> Exercise instructions
Could you retype the lines below, starting at the line holding "This 2004 Volkswagen" and stopping at the line holding "有人买十字绣吗?妈妈秀的,纯", inclusive? Copy them exactly and drop the images.

> Study material
○ ○ ○
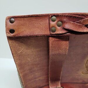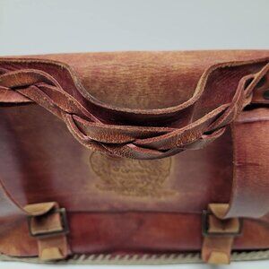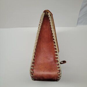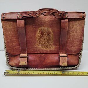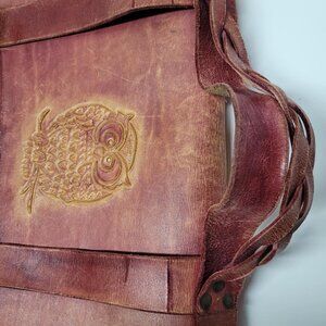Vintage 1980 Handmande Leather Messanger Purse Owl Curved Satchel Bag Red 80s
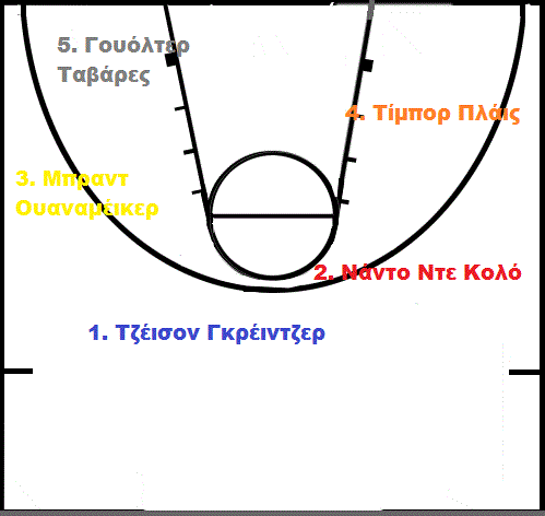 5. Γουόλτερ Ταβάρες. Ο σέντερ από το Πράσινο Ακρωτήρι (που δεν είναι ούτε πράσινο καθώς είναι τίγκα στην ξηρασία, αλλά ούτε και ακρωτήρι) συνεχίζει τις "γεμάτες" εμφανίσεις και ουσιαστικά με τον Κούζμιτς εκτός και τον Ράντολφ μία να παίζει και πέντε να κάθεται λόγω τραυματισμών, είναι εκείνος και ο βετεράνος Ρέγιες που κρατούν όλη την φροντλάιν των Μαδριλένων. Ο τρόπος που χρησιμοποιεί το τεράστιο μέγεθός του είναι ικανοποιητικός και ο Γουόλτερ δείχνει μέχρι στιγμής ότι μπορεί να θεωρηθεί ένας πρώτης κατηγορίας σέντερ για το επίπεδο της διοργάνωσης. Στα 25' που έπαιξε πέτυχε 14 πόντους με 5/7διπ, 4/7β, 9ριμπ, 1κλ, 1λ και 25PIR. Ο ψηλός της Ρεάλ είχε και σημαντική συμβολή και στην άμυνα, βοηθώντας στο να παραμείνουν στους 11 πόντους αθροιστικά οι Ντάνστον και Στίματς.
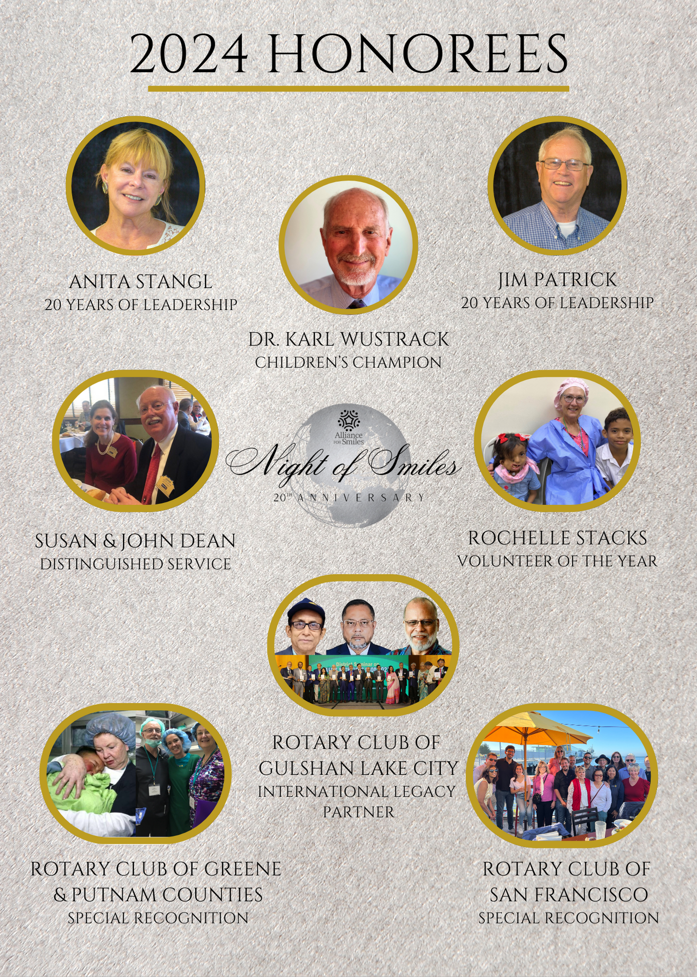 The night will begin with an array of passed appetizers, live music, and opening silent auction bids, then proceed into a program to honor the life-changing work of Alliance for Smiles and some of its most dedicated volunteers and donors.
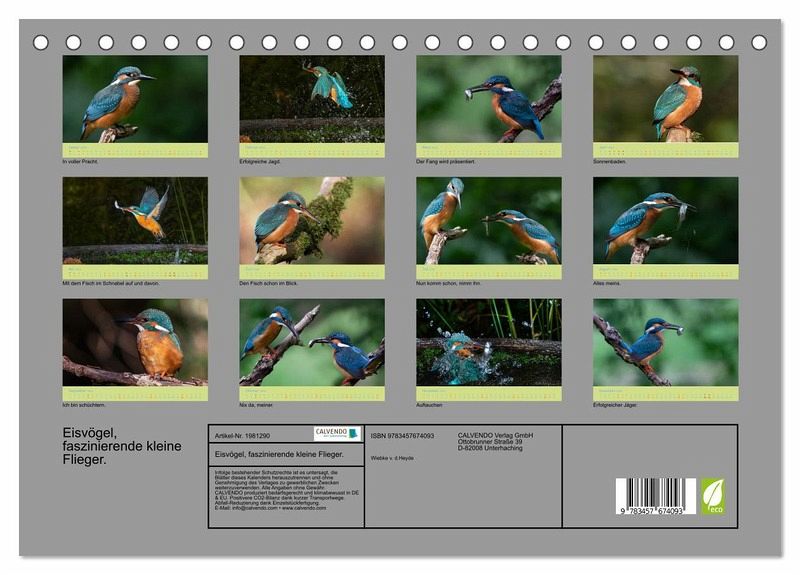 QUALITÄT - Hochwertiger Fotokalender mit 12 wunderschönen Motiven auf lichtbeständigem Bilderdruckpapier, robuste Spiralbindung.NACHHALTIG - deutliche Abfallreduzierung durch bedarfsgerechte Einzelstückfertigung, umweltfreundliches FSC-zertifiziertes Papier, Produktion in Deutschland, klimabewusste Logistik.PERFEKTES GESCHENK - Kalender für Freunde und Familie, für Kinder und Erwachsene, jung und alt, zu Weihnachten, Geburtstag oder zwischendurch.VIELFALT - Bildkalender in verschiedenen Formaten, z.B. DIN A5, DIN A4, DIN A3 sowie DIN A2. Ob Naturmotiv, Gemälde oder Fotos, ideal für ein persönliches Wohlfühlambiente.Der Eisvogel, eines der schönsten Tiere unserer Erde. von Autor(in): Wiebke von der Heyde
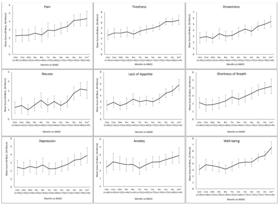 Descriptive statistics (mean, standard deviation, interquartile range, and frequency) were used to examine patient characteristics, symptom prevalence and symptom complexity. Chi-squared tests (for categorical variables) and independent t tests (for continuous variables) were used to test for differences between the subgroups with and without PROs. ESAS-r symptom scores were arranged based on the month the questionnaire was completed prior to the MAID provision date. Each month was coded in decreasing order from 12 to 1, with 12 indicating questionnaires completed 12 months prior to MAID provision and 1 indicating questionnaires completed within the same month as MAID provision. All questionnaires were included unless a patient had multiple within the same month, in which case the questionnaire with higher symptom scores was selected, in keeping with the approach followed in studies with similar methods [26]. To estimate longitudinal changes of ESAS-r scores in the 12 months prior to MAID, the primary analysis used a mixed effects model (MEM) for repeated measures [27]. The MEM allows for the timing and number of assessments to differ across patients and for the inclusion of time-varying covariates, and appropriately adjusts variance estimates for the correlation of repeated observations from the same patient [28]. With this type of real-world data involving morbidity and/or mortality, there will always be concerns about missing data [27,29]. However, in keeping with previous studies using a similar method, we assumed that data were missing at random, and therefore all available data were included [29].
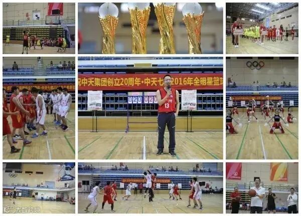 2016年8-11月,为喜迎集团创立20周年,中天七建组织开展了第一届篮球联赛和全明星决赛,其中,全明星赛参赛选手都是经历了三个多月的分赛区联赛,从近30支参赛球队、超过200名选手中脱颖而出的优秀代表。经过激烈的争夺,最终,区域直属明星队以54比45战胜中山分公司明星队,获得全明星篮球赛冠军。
○ ○ ○
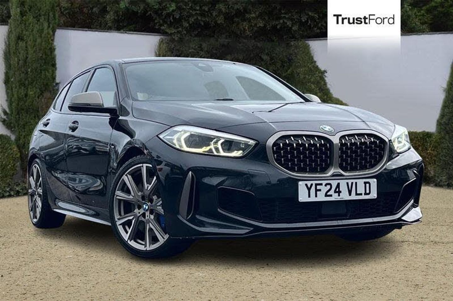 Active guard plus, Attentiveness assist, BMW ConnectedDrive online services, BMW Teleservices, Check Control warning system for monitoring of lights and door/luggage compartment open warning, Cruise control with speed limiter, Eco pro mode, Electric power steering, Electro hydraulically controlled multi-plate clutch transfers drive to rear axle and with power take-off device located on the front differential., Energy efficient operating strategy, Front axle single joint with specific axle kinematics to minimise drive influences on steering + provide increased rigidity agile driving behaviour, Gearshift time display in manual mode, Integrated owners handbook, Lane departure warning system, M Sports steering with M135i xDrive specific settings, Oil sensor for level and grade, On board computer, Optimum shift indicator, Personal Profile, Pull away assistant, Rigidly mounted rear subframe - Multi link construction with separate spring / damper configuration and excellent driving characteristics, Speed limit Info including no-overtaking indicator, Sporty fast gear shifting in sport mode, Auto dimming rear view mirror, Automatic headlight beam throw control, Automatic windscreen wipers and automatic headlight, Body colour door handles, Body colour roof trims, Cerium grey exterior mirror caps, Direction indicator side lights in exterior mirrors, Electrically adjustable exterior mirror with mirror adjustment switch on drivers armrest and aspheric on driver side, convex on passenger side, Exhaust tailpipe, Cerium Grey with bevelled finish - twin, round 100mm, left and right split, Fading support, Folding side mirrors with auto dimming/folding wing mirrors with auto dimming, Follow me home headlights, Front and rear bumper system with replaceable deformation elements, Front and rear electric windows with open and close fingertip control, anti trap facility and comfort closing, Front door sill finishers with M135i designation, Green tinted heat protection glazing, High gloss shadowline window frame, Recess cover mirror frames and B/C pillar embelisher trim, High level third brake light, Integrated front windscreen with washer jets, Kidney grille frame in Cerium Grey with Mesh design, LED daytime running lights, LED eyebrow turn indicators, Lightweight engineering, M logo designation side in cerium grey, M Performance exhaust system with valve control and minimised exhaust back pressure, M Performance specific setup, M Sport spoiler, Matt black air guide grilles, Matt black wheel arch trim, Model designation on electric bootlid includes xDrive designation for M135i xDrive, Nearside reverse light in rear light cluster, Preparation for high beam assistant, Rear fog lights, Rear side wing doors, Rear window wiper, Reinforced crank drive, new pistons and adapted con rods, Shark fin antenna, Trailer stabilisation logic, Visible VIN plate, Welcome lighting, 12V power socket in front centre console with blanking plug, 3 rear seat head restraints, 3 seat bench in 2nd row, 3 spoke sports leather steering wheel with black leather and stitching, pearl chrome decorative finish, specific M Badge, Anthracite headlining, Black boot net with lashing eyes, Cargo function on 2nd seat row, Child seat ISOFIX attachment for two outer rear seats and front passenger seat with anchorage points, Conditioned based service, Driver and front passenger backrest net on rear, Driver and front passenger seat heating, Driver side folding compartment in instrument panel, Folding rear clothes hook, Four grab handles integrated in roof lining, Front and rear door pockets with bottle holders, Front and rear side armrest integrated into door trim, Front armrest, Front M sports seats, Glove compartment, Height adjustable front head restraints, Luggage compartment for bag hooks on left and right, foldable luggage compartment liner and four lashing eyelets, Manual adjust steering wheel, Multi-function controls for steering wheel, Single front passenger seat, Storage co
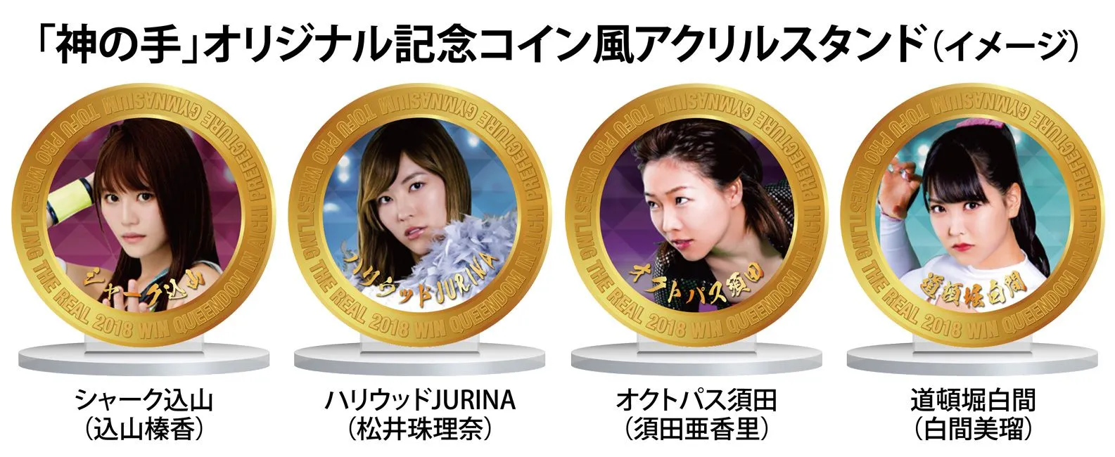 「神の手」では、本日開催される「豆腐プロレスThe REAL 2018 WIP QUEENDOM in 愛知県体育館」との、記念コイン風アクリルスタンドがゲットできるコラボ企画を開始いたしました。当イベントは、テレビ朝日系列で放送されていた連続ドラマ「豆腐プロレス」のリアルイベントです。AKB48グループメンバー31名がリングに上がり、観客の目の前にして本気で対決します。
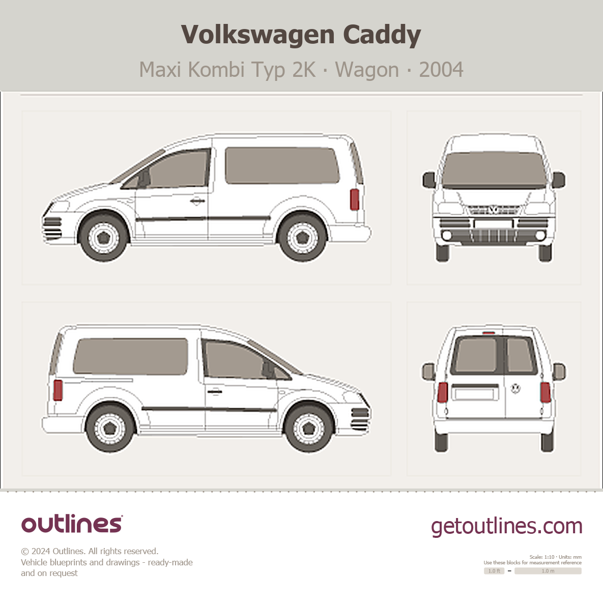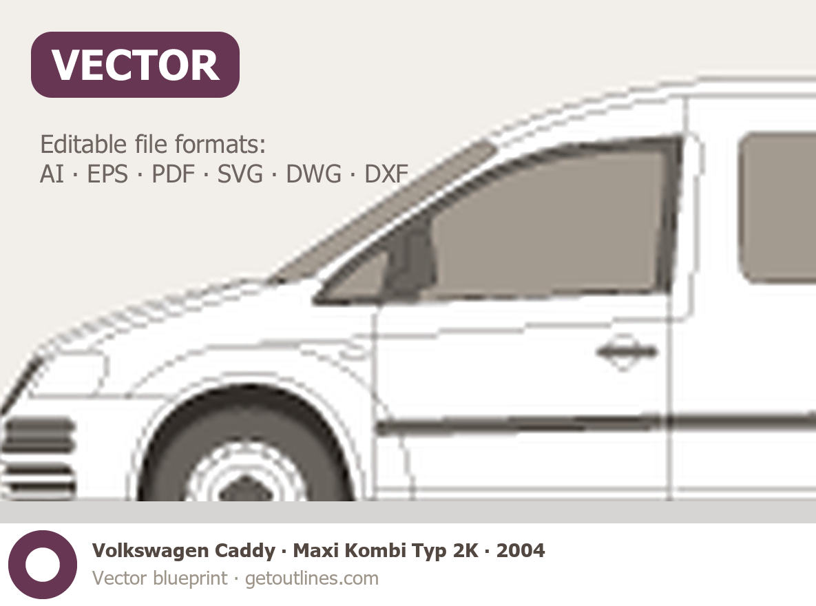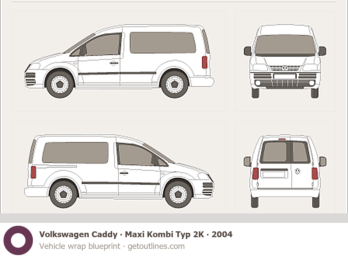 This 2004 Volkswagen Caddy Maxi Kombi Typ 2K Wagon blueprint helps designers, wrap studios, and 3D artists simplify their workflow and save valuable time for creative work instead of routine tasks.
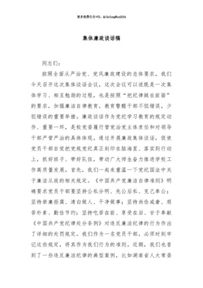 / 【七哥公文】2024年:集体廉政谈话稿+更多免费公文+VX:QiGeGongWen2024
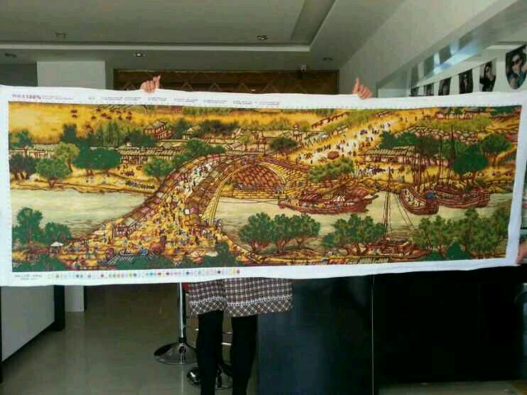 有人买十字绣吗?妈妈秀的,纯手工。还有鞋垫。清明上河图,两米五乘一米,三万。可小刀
○ ○ ○
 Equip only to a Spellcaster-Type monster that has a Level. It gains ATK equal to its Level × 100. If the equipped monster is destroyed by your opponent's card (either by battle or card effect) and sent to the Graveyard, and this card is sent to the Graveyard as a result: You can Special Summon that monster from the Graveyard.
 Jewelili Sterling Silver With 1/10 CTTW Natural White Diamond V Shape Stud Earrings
○ ○ ○
> Task output
 This 2004 Volkswagen Caddy Maxi Kombi Typ 2K Wagon blueprint helps designers, wrap studios, and 3D artists simplify their workflow and save valuable time for creative work instead of routine tasks.
 / 【七哥公文】2024年:集体廉政谈话稿+更多免费公文+VX:QiGeGongWen2024
 有人买十字绣吗?妈妈秀的,纯手工。还有鞋垫。清明上河图,两米五乘一米,三万。可小刀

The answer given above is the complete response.